MHP Antalya Milletvekili Abdurrahman Başkan, ''Tüketicinin korunması konusunda yapılan düzenlemeler ekonominin sürdürülebilir büyümesine de önemli katkılar sağlayacaktır. Adil rekabetin sağlandığı, tüketici haklarının güvence altına alındığı bir piyasa ekonomik istikrarın temel yapı taşlarından da biridir. Aynı zamanda, tüketicinin korunmasına yönelik etkin düzenlemeler yabancı yatırımcıların ülkemize olan güvenini artıracak, Türkiye'nin yatırım yapılabilir ülke imajını da pekiştirecektir.'' ded

MHP Antalya Milletvekili Abdurrahman Başkan, Tüketicinin Korunması Hakkında Kanun ve Bazı Kanunlarda Değişiklik Yapılmasına Dair Kanun Teklifi’nin tümü üzerinde konuştu.

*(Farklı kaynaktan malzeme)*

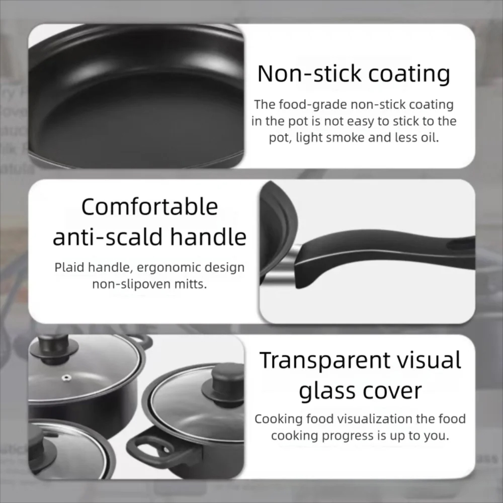 The 13pcs Cookware Set is a complete kitchen solution designed for modern home chefs. This comprehensive set includes a variety of pots, pans, and lids, all crafted with durable materials and advanced non-stick coatings to deliver effortless cooking and easy cleanup. Ideal for everyday meals, family cooking, or entertaining guests, this set combines functionality, style, and safety in one elegant package.

MHP'li Başkan'ın açıklaması şu şekilde;

Tüketicinin korunması kavramı, modern anlamda 1960’lı yıllardan sonra dünyada ivme kazanmış olsa da oldukça eski bir kavramdır. Sümer tabletlerinden Hammurabi Kanunları’na, Roma hukukuna kadar pek çok kadim hukuk metinlerinde tüketicinin korunması amacıyla düzenlemeler yapılmıştır. Tarihimizde de Osmanlı Devleti döneminde lonca teşkilatları tüketicilerin haklarını koruma amacı güden çeşitli kurallar uygulamış, padişah fermanlarıyla haksız rekabetin ve hileli ticaretin önüne geçilmek istenmiştir. Ülkemizde tüketici haklarının korunması 1982 Anayasası’nın 172’nci maddesiyle devlete verilmiş bir görevdir; bu maddeyle devlet, tüketiciyi koruyucu tedbirler alma yükümlülüğü altına girmiştir. 23 Şubat 1995 tarihinde kabul edilen 4077 sayılı Tüketicinin Korunması Hakkında Kanun’la ülkemiz ayrıntılı bir yasal düzenlemeye de kavuşmuştur. Ancak ticaret hayatında yaşanan hızlı değişim ve özellikle dijital teknolojilerin gelişimi nedeniyle bu kanunda çeşitli değişiklikler yapılması gerekli hâle gelmiştir. Özellikle Avrupa Birliğine uyum sürecinde tüketici hakları konusunda kapsamlı bir düzenleme ihtiyacı doğmuş ve 7 Kasım 2013 tarihinde 6502 sayılı Tüketicinin Korunması Hakkında Kanun yasalaşmıştır.

Bugün ele aldığımız kanun teklifi, işte, bu hızlı değişimlerin bir sonucu olarak ortaya çıkmıştır. Elektronik ticaretin ve dijital platformların kullanımının artması, mevcut yasal düzenlemelerin güncellenmesi gerekliliğini doğurmuştur. Özellikle tüketici kredisi sözleşmelerinin uzaktan iletişim araçlarıyla yapılabilmesine ve tüketicilerin finansmana daha kolay erişebilmesine yönelik düzenlemeler bu teklifin ana hatlarını oluşturmaktadır. Bu düzenlemeyle birlikte tüketiciler şubelere gitmeden kredi işlemlerini tamamlayabilecek, kredi sözleşmesi sona erdikten sonra bile hesaplarını kullanmaya devam edebileceklerdir. Bu tür değişiklikler, tüketici dostu bir finansal ortam yaratılmasına katkı sağlayacaktır.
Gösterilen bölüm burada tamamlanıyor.